Cela dit, si la situation venait à perdurer, les œuvres de demain devront refléter cette nouvelle réalité. Voilà justement un autre bâton dans les roues des créateurs  impossible de savoir combien de temps le confinement durera.

C’est particulièrement problématique au cinéma, étant donné que le processus de création d’un film, de la scénarisation à la postproduction en passant par le tournage, s’échelonne souvent sur plus de deux ans. «C’est difficile de prédire le monde dans lequel on vivra dans deux ans, commente Mathieu Denis. Comment faut-il le représenter? Ce n’est pas clair. J’ai l’impression que tous ceux qui écrivent des scénarios en ce moment se posent beaucoup de questions!»

Le temps fera son œuvre

Chose certaine, il faudra du recul pour mesurer l’impact qu’aura eu la pandémie chez les artistes. C’est ici que notre exercice de devin atteint ses limites. «On a beau créer autant qu’on le veut, on ne verra pas l’effet que ces œuvres auront tout de suite.
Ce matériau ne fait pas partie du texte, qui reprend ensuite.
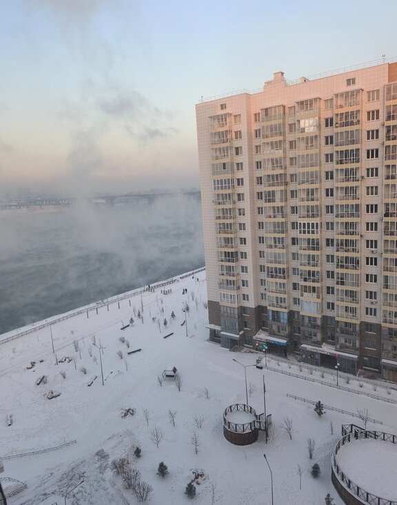 Первая линия от Набережной, выход сразу к Енисею.

Il faudra que le temps passe», rappelle l’historien Laurent Turcot.

Ce à quoi renchérit Mathieu Denis: «Les œuvres très collées dans le temps sur un événement en question sont rarement les plus éloquentes, parce qu’il faut du temps pour comprendre l’impact durable de l’événement sur nos vies et ce que ça a provoqué en nous.»
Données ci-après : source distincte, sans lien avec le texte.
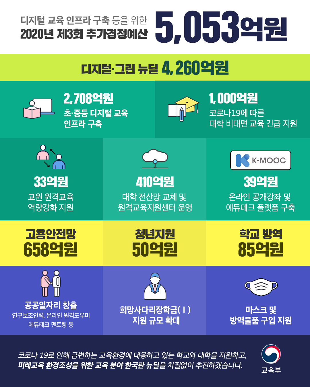 포스트 코로나 시대 대비 교육분야 한국판 뉴딜 추진을 위한 2020년 제3회 추가경정예산이 7월 3일 확정되었습니다.

Se voit-il lui-même écrire un film sur le sujet dans quelques années? «Peut-être qu’un jour, dans 5 ou dans 10 ans, j’aurai quelque chose à ajouter sur l’événement, que j’en aurai tiré des conclusions ou que je m’interrogerai sur les impacts qu’il a eus. Je ne peux pas exclure ça, mais dans l’immédiat, je ne considère pas avoir grand-chose d’intéressant à dire sur le sujet.»

Pour sa part, à l’exception de l’écriture d’un roman qui se déroule dans le passé, toutes les chroniques qu’écrit Heather O’Neill pour diverses publications portent actuellement sur la pandémie. «C’est ce qui intéresse les gens, souligne-t-elle. Ce serait trop bizarre d’écrire sur autre chose.»